§ **WHAT IS EXPECTED**
Write out each record in full and exactly as given. Skip any pictures.

[Stored data entries]
<<<<
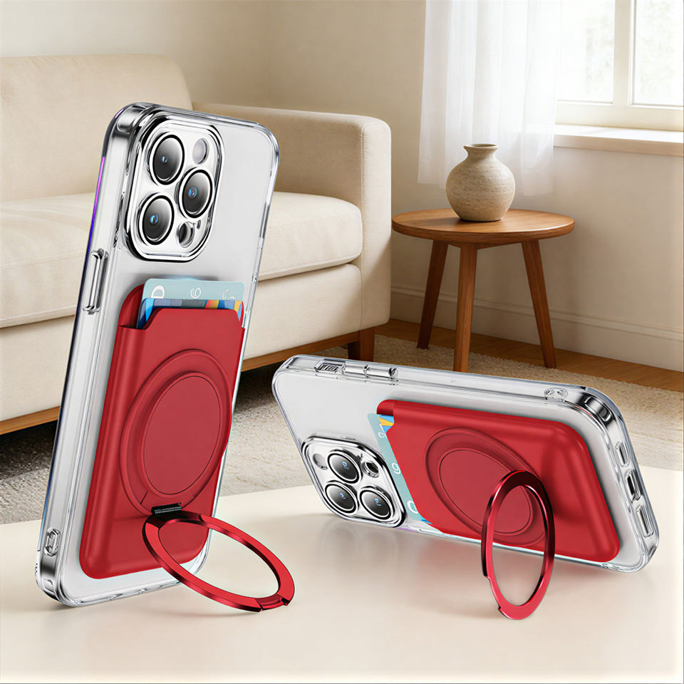 Portefeuille porte-cartes magnétique avec support rotatif caché, accessoire de téléphone 2-en-1 pour un rangement sécurisé des cartes et une visualisation mains libres
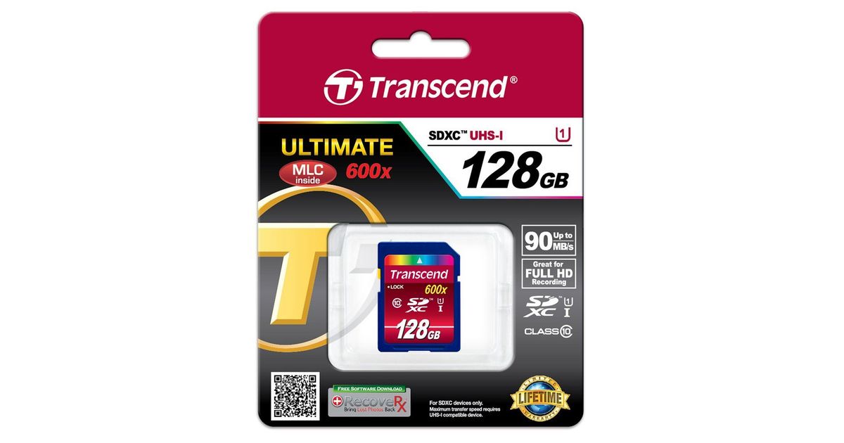 Transcend TS128GSDXC10U1, 128 GB, SDXC, Klass 10, MLC, 90 MB/s, Class 1 (U1)
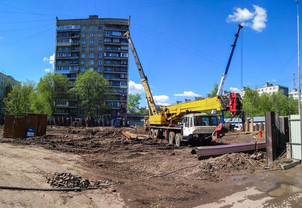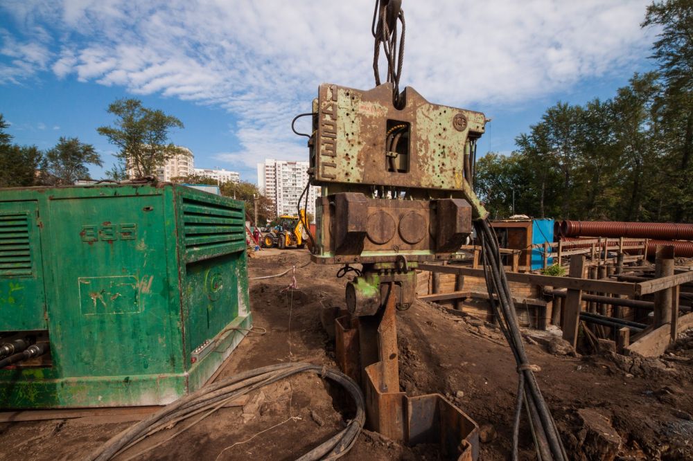Устройство шпунтового ограждения из шпунта Ларсена методом вибропогружения на объекте строительства административного здания в г. Москва, ул. Байкальская, 42.
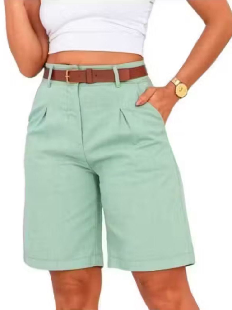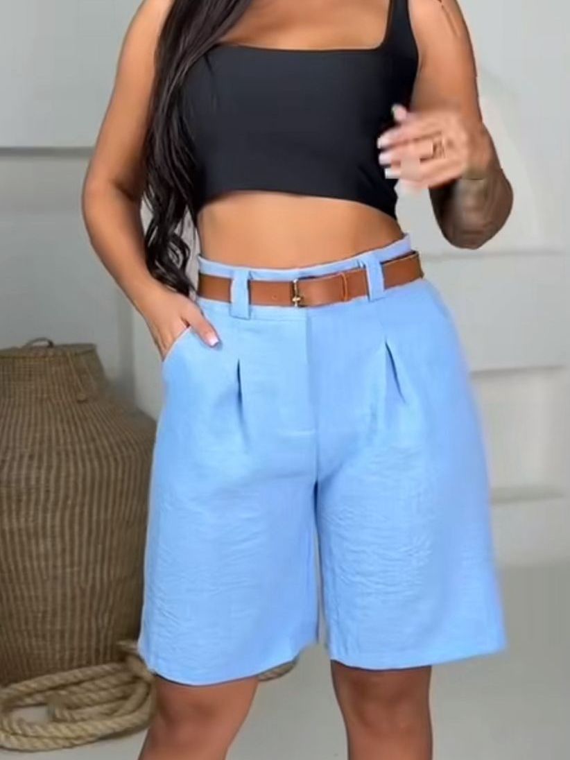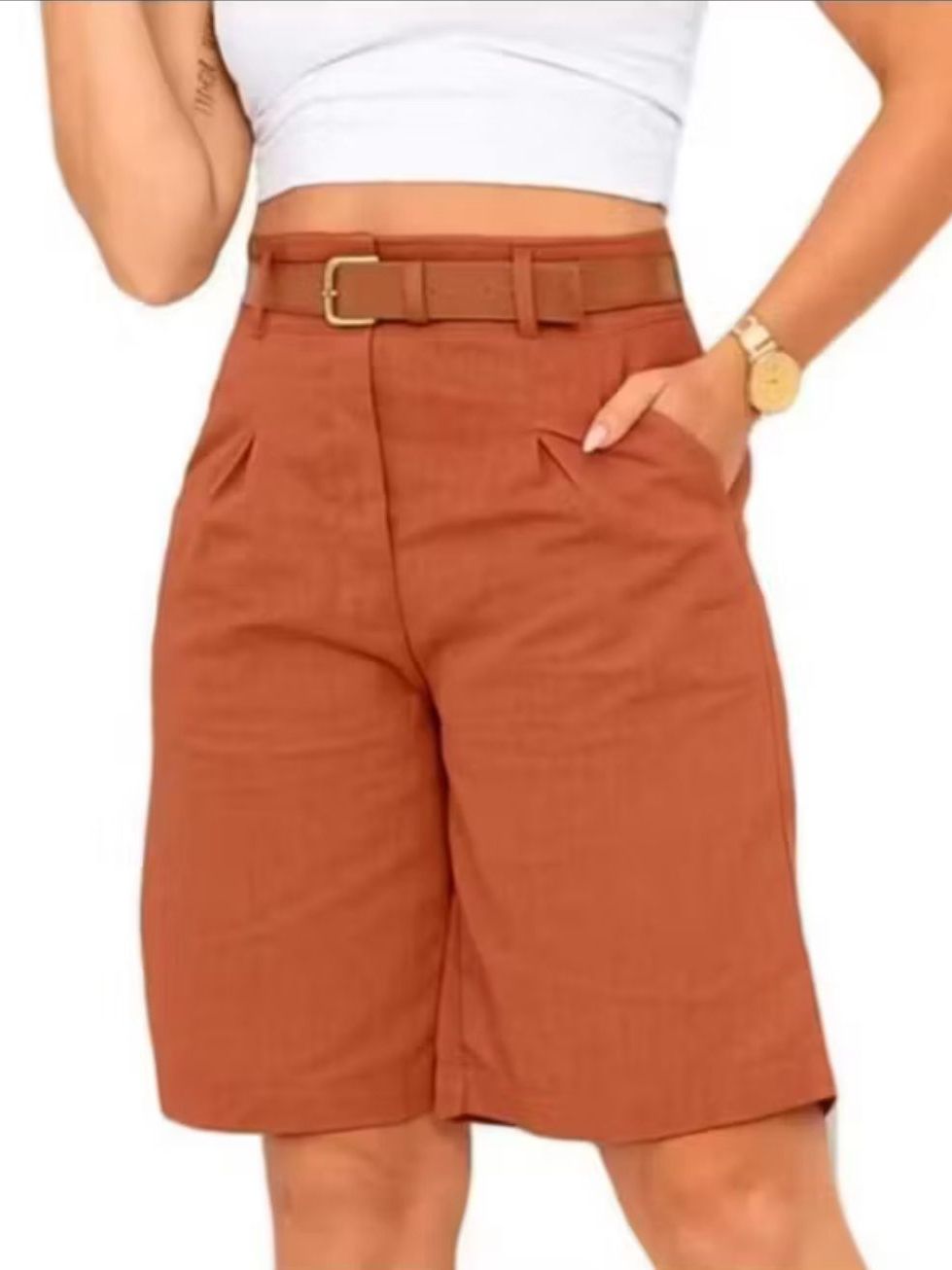 Bermuda Femenino ALFAIATARIA TECIDO LINHO com bolso cintura alta acompanha cinto
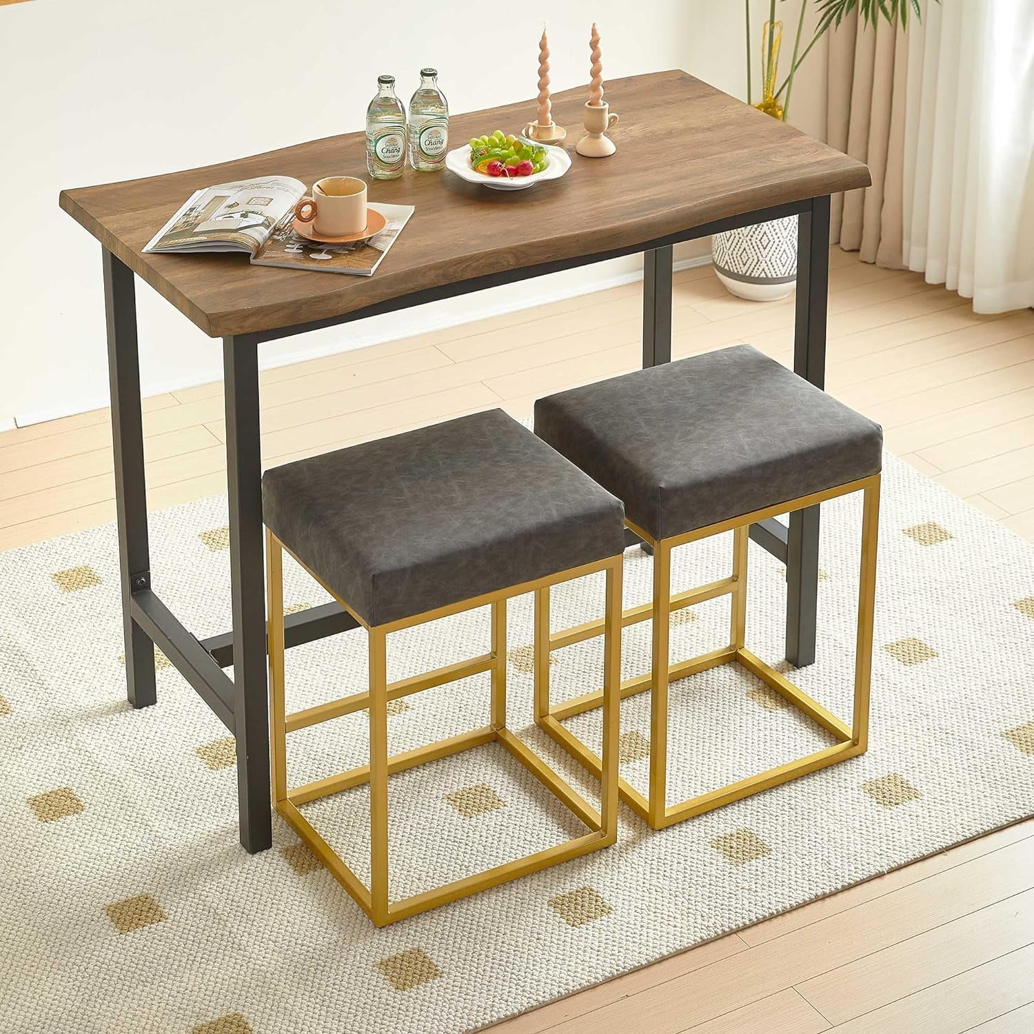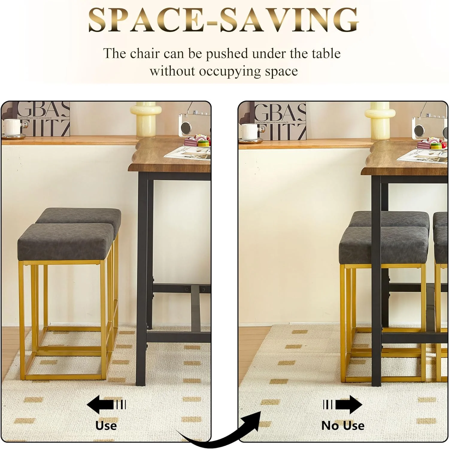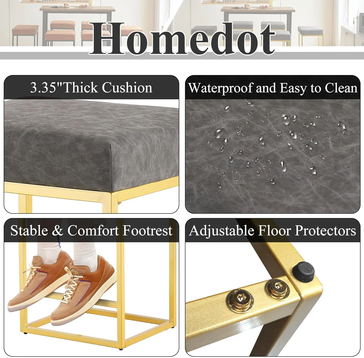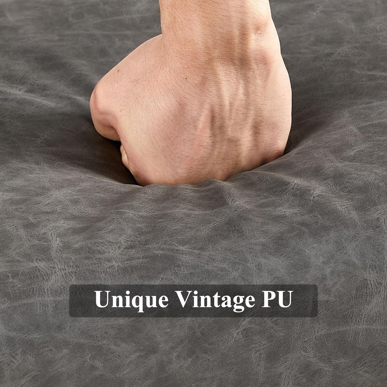 NORDICANA Bar Stools Set of 2, Grey Counter Height Kitchen Island Barstool PU Leather with Black Metal Base
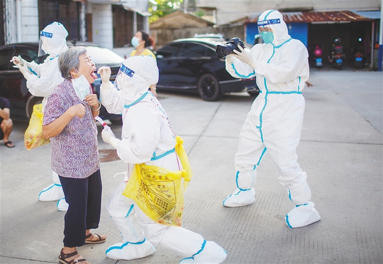 在万城镇,党员干部分类搬运防疫物资,确保防疫物资精准、及时发放到每个人手上;在万城镇朝阳社区,来自天津市第一中心医院的护士唐志敏,正在高风险区挨家挨户做核酸采样;在和乐镇西坡村,多方联动搭建销售平台,让农户滞销的莲藕有了新的出路……
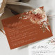This elegant terracotta dahlia rose wedding details card showcases rich floral artwork on a warm terracotta background, creating a romantic and refined accent for fall and rustic weddings. Designed to present reception and accommodation information beautifully, this enclosure card pairs seamlessly with classic and elegant wedding styles. Part of a matching terracotta dahlia rose wedding suite including invitations, RSVP cards, save the dates, signage, and coordinated day-of stationery.
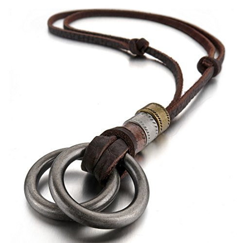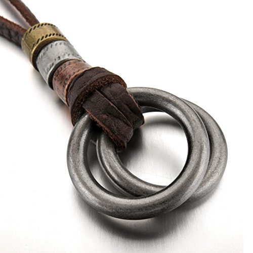 - Title : Men's Alloy Genuine Leather Pendant Necklace Adjustable Silver Rings Vintage-with Chain (with Gift Bag)
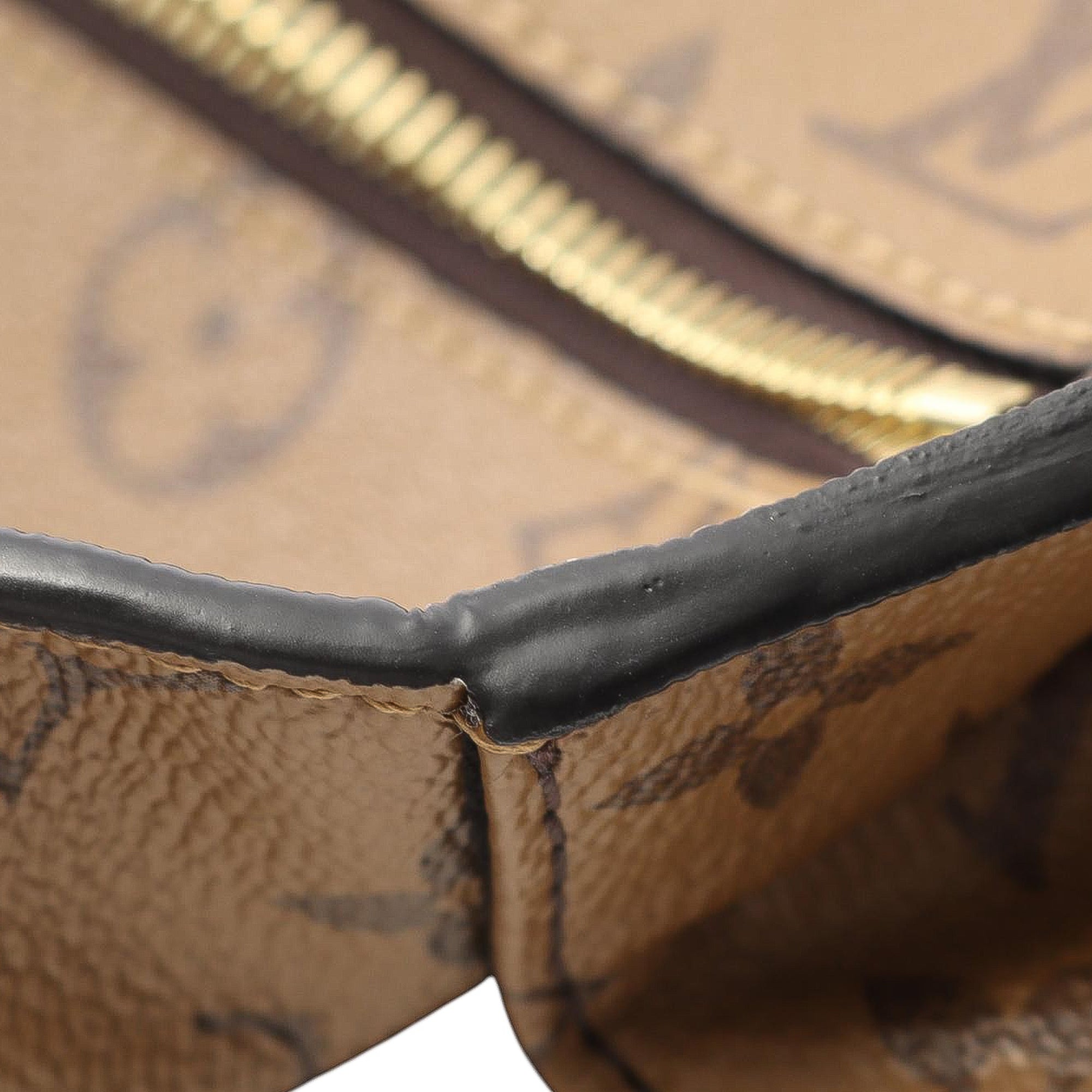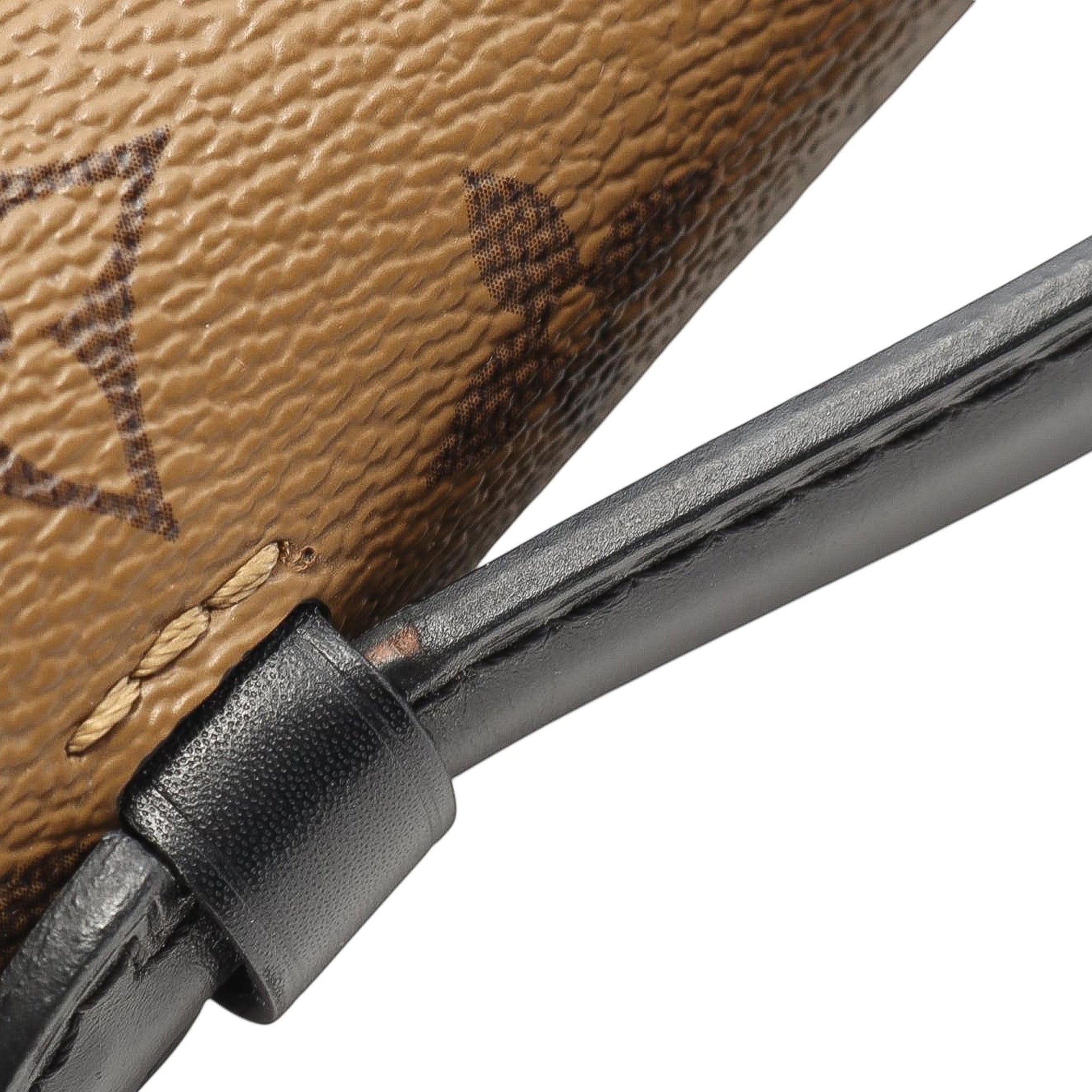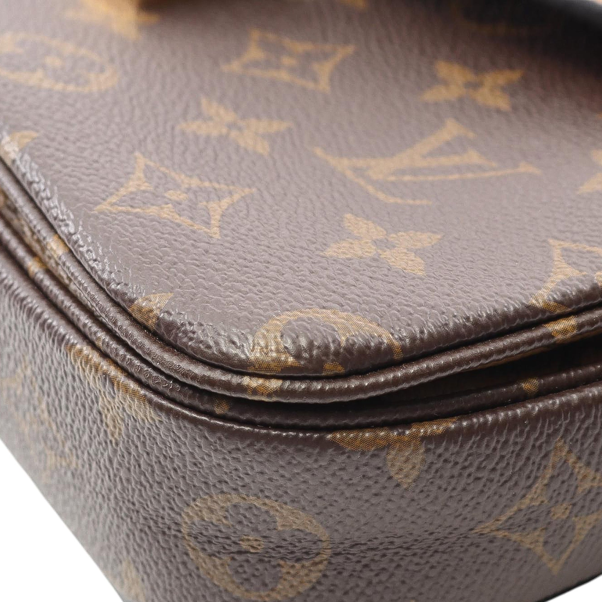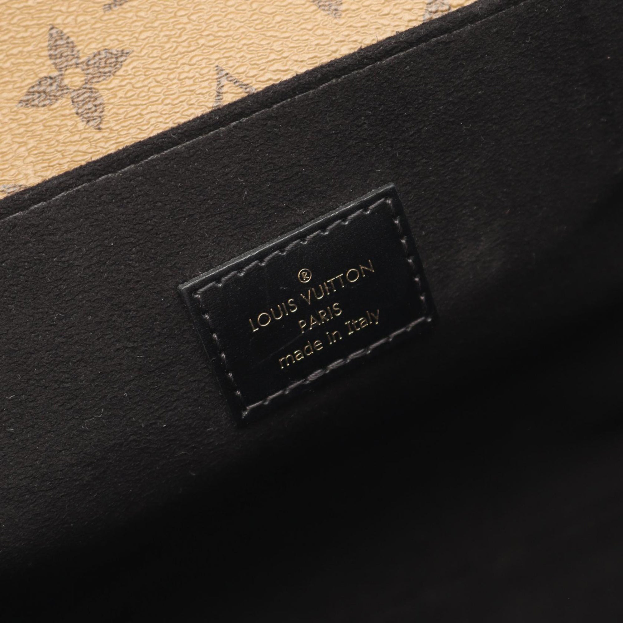 The Pochette Metis features a monogram reverse canvas and monogram canvas body, a flat leather top handle, a detachable flat shoulder strap, a front flap with an S-lock closure, an exterior zip pocket, and an interior slip pocket. Retail Price: 2620.00
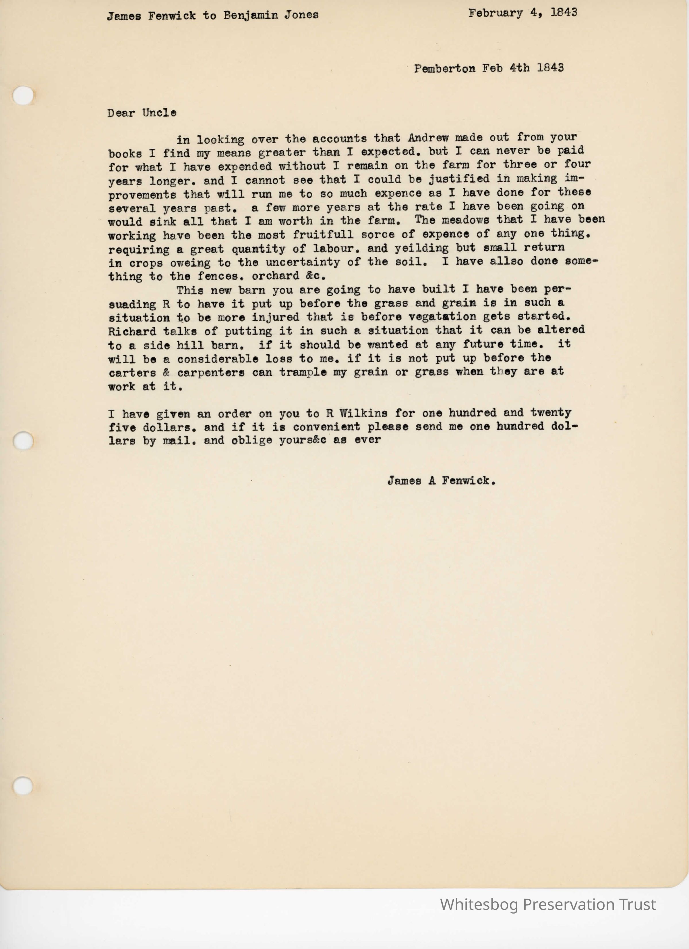 In this letter Fenwick comes to the realization that due to his debt to Jones he will have to remain on the farm, which it seems may not have been his intention. He also expresses hope that a new barn will be put up before planting time.
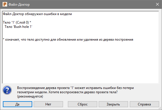 Тип предлагаемого Файл-Доктором исправления зависит от ошибок, найденных в модели. Если возможно, Файл-Доктор предложит исправление, которое не удаляет геометрию модели, например, воспроизведение или удаление дерева построения тела.
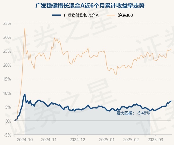 证券之星消息,3月19日,广发稳健增长混合A最新单位净值为1.5033元,累计净值为4.5633元,较前一交易日上涨0.26%。历史数据显示该基金近1个月上涨2.34%,近3个月上涨2.27%,近6个月上涨7.06%,近1年上涨2.54%。该基金近6个月的累计收益率走势如下图:
>>>>
§ **THE COMPLETED TASK**
 Portefeuille porte-cartes magnétique avec support rotatif caché, accessoire de téléphone 2-en-1 pour un rangement sécurisé des cartes et une visualisation mains libres
 Transcend TS128GSDXC10U1, 128 GB, SDXC, Klass 10, MLC, 90 MB/s, Class 1 (U1)
Устройство шпунтового ограждения из шпунта Ларсена методом вибропогружения на объекте строительства административного здания в г. Москва, ул. Байкальская, 42.
 Bermuda Femenino ALFAIATARIA TECIDO LINHO com bolso cintura alta acompanha cinto
 NORDICANA Bar Stools Set of 2, Grey Counter Height Kitchen Island Barstool PU Leather with Black Metal Base
 在万城镇,党员干部分类搬运防疫物资,确保防疫物资精准、及时发放到每个人手上;在万城镇朝阳社区,来自天津市第一中心医院的护士唐志敏,正在高风险区挨家挨户做核酸采样;在和乐镇西坡村,多方联动搭建销售平台,让农户滞销的莲藕有了新的出路……
This elegant terracotta dahlia rose wedding details card showcases rich floral artwork on a warm terracotta background, creating a romantic and refined accent for fall and rustic weddings. Designed to present reception and accommodation information beautifully, this enclosure card pairs seamlessly with classic and elegant wedding styles. Part of a matching terracotta dahlia rose wedding suite including invitations, RSVP cards, save the dates, signage, and coordinated day-of stationery.
 - Title : Men's Alloy Genuine Leather Pendant Necklace Adjustable Silver Rings Vintage-with Chain (with Gift Bag)
 The Pochette Metis features a monogram reverse canvas and monogram canvas body, a flat leather top handle, a detachable flat shoulder strap, a front flap with an S-lock closure, an exterior zip pocket, and an interior slip pocket. Retail Price: 2620.00
 In this letter Fenwick comes to the realization that due to his debt to Jones he will have to remain on the farm, which it seems may not have been his intention. He also expresses hope that a new barn will be put up before planting time.
 Тип предлагаемого Файл-Доктором исправления зависит от ошибок, найденных в модели. Если возможно, Файл-Доктор предложит исправление, которое не удаляет геометрию модели, например, воспроизведение или удаление дерева построения тела.
 证券之星消息,3月19日,广发稳健增长混合A最新单位净值为1.5033元,累计净值为4.5633元,较前一交易日上涨0.26%。历史数据显示该基金近1个月上涨2.34%,近3个月上涨2.27%,近6个月上涨7.06%,近1年上涨2.54%。该基金近6个月的累计收益率走势如下图:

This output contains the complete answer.